— TASK DETAILS —
Make an exact copy of all the records, one that contains none of the pictures.

— THE DATA —
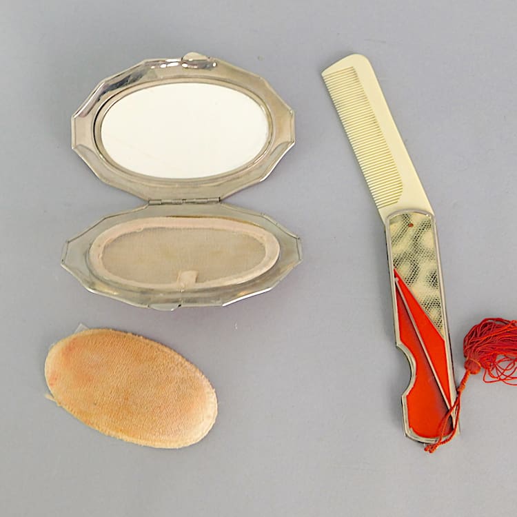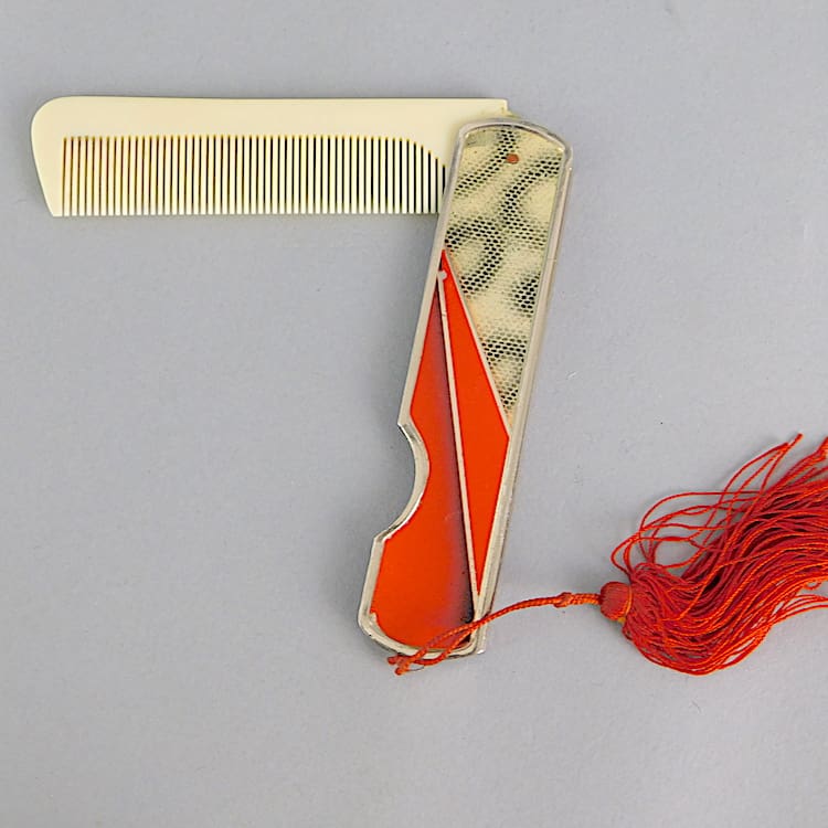 English cased red enamel and shagreen effect powder compact and matching retractable comb. Comes in its original navy velvet gift case.
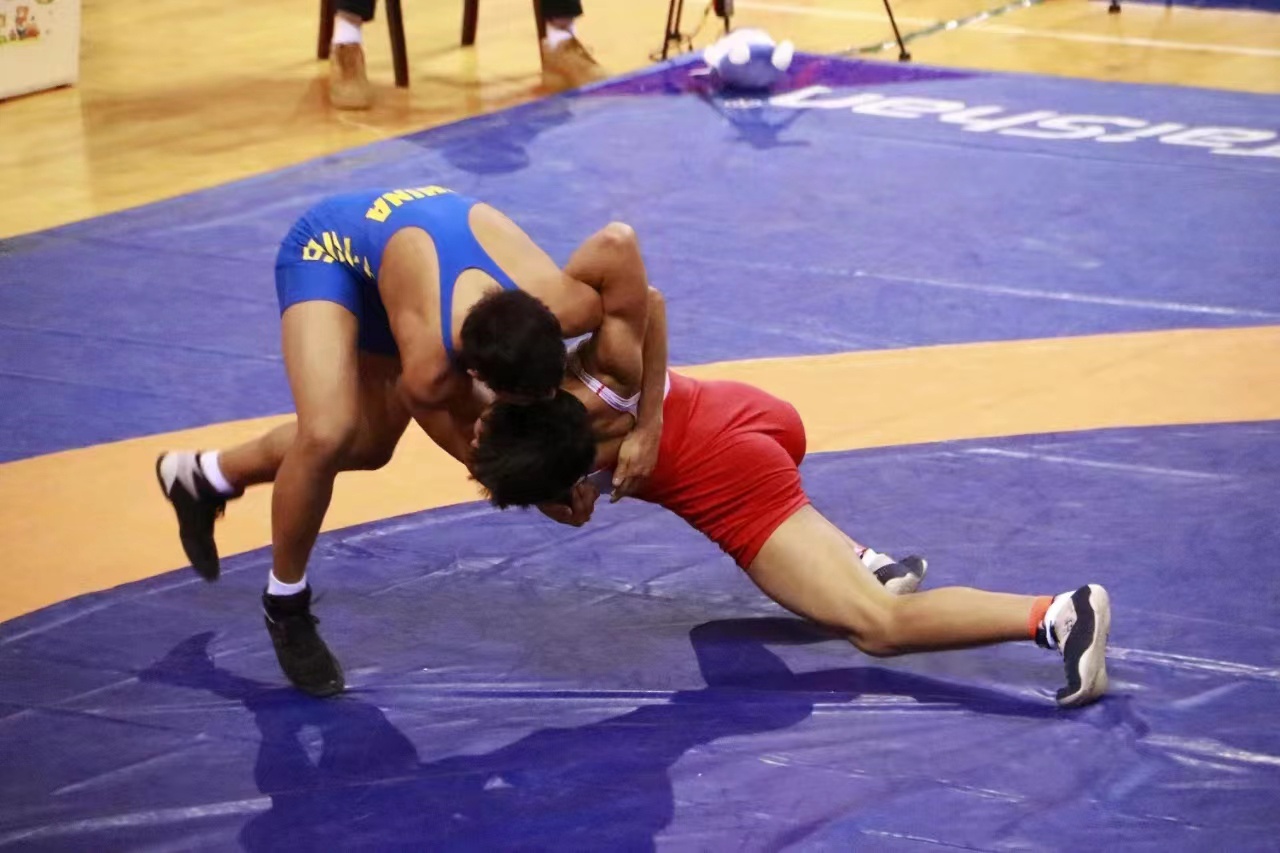 比赛现场,各代表队的摔跤健儿们激烈角逐、灵活移动,在摔跤器材上展示出一系列高难度、大幅度技术动作,充分展现出了摔跤运动的独特魅力。
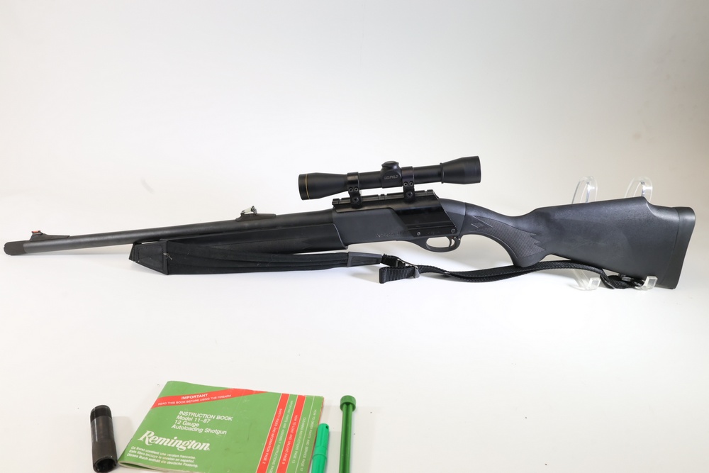Remington 11-87 Special Purpose semi-automatic shotgun chambered in 12 GA, with a synthetic stock, rubber butt pad, sling swivels, and a Leupold M8-4X Shotgun scope on a B-Square mount. Serial Number PC691277. All lots are subject to all applicable laws at the time of transfer. NOTE: Semi automatic rifles and all handguns require a license in NYS. There is a $35 transfer fee per long gun. There is a $40 transfer fee per hand gun. There is a $20 transfer fee per ammunition lot. If you fail the background check, the transfer fee still applies, and you are still required to make payment and then reconsign the lot to auction. FFL dealers are not exempt from these fees. A background check will be required for all buyers purchasing a firearm and/or ammunition. NYS charges a background check fee for all firearms and ammunition. The fee is $9 for firearms and $2.50 for ammunition. The NYS fee is per background check NOT per lot, will be collected directly by Civil Armory, and is in addition to transfer fees. All lots are subject to all applicable laws at the time of transfer. NOTE: Semi automatic rifles and all handguns require a license in NYS. There is a $35 transfer fee per long gun. There is a $40 transfer fee per hand gun. There is a $20 transfer fee per ammunition lot. If you fail the background check, the transfer fee still applies, and you are still required to make payment and then reconsign the lot to auction. FFL dealers are not exempt from these fees. A background check will be required for all buyers purchasing a firearm and/or ammunition. NYS charges a background check fee for all firearms and ammunition. The fee is $9 for firearms and $2.50 for ammunition. The NYS fee is per background check NOT per lot, will be collected directly by Civil Armory, and is in addition to transfer fees.
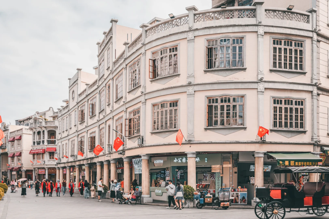 汕头小公园骑楼建筑是20世纪30年代建设的典型建筑风格,具有中西合璧的特点。这些建筑主要集中在汕头小公园开埠区,以中山纪念亭为中心,沿安平路、升平路、国平路等街道呈环形放射状分布。骑楼建筑不仅展示了南洋风情,还见证了汕头“百载商埠”的历史。
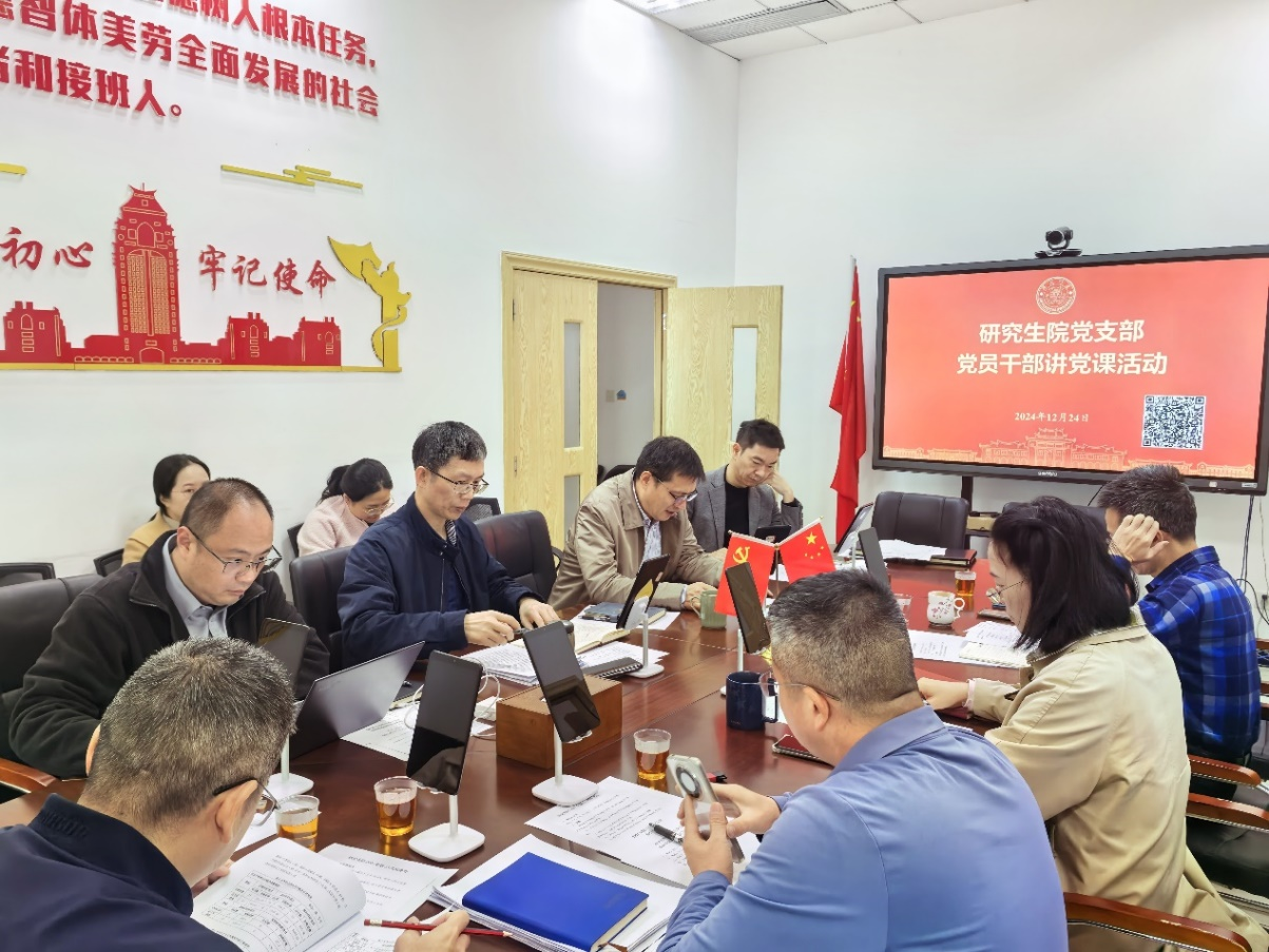 12月24日上午,研究生院党支部举行学习贯彻全国教育大会精神的专题理论学习暨党员干部讲党课活动,活动由党支部书记、研究生院常务副院长谢兆雄同志主持,研究生院全体党员干部参加此次学习活动。
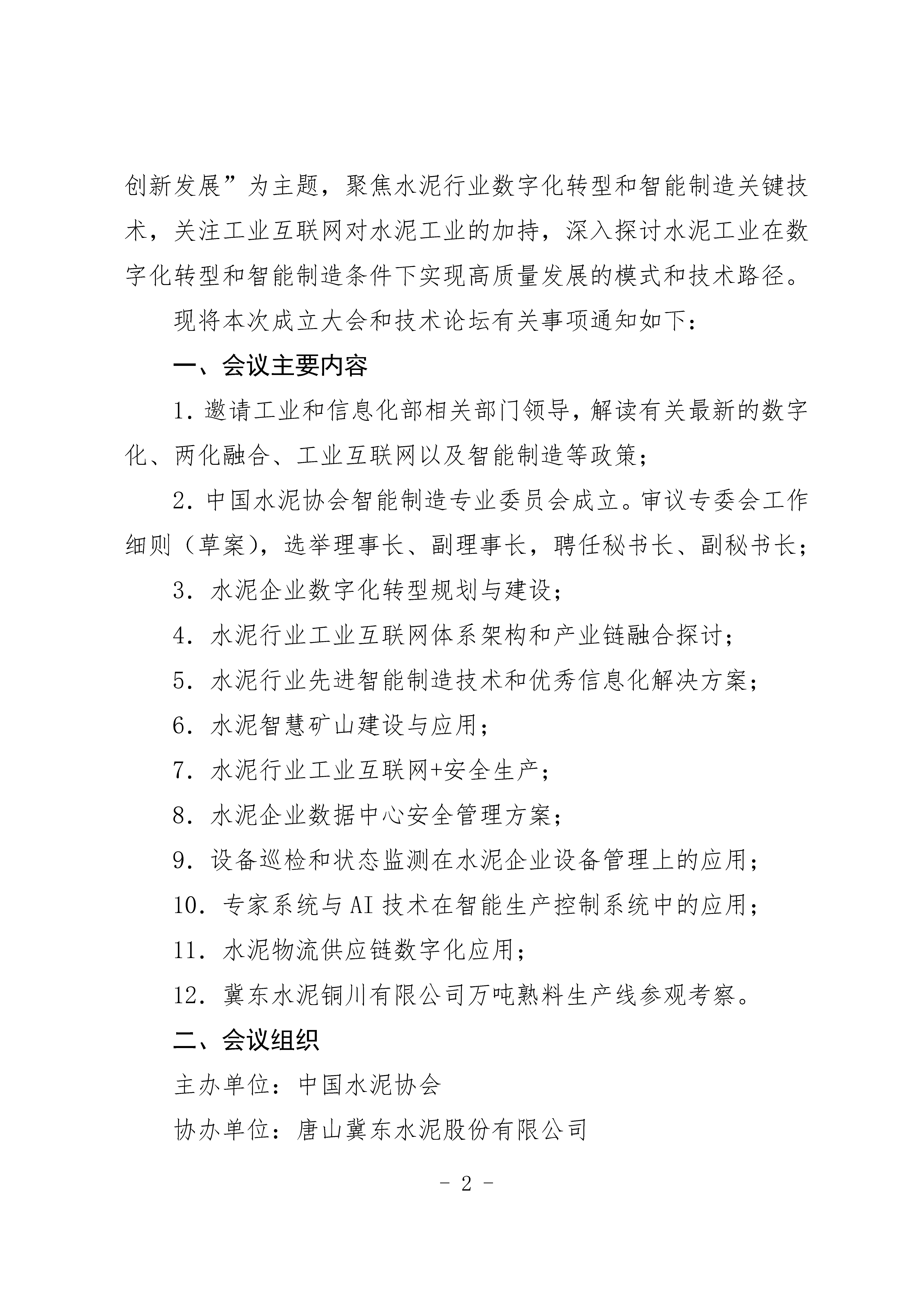 關(guān)于召開中國水泥協(xié)會智能制造專業(yè)委員會成立大會暨水泥行業(yè)數(shù)字化轉(zhuǎn)型與智能制造技術(shù)論壇的通知

— EXERCISE RESPONSE —
 English cased red enamel and shagreen effect powder compact and matching retractable comb. Comes in its original navy velvet gift case.
 比赛现场,各代表队的摔跤健儿们激烈角逐、灵活移动,在摔跤器材上展示出一系列高难度、大幅度技术动作,充分展现出了摔跤运动的独特魅力。
Remington 11-87 Special Purpose semi-automatic shotgun chambered in 12 GA, with a synthetic stock, rubber butt pad, sling swivels, and a Leupold M8-4X Shotgun scope on a B-Square mount. Serial Number PC691277. All lots are subject to all applicable laws at the time of transfer. NOTE: Semi automatic rifles and all handguns require a license in NYS. There is a $35 transfer fee per long gun. There is a $40 transfer fee per hand gun. There is a $20 transfer fee per ammunition lot. If you fail the background check, the transfer fee still applies, and you are still required to make payment and then reconsign the lot to auction. FFL dealers are not exempt from these fees. A background check will be required for all buyers purchasing a firearm and/or ammunition. NYS charges a background check fee for all firearms and ammunition. The fee is $9 for firearms and $2.50 for ammunition. The NYS fee is per background check NOT per lot, will be collected directly by Civil Armory, and is in addition to transfer fees. All lots are subject to all applicable laws at the time of transfer. NOTE: Semi automatic rifles and all handguns require a license in NYS. There is a $35 transfer fee per long gun. There is a $40 transfer fee per hand gun. There is a $20 transfer fee per ammunition lot. If you fail the background check, the transfer fee still applies, and you are still required to make payment and then reconsign the lot to auction. FFL dealers are not exempt from these fees. A background check will be required for all buyers purchasing a firearm and/or ammunition. NYS charges a background check fee for all firearms and ammunition. The fee is $9 for firearms and $2.50 for ammunition. The NYS fee is per background check NOT per lot, will be collected directly by Civil Armory, and is in addition to transfer fees.
 汕头小公园骑楼建筑是20世纪30年代建设的典型建筑风格,具有中西合璧的特点。这些建筑主要集中在汕头小公园开埠区,以中山纪念亭为中心,沿安平路、升平路、国平路等街道呈环形放射状分布。骑楼建筑不仅展示了南洋风情,还见证了汕头“百载商埠”的历史。
 12月24日上午,研究生院党支部举行学习贯彻全国教育大会精神的专题理论学习暨党员干部讲党课活动,活动由党支部书记、研究生院常务副院长谢兆雄同志主持,研究生院全体党员干部参加此次学习活动。
 關(guān)于召開中國水泥協(xié)會智能制造專業(yè)委員會成立大會暨水泥行業(yè)數(shù)字化轉(zhuǎn)型與智能制造技術(shù)論壇的通知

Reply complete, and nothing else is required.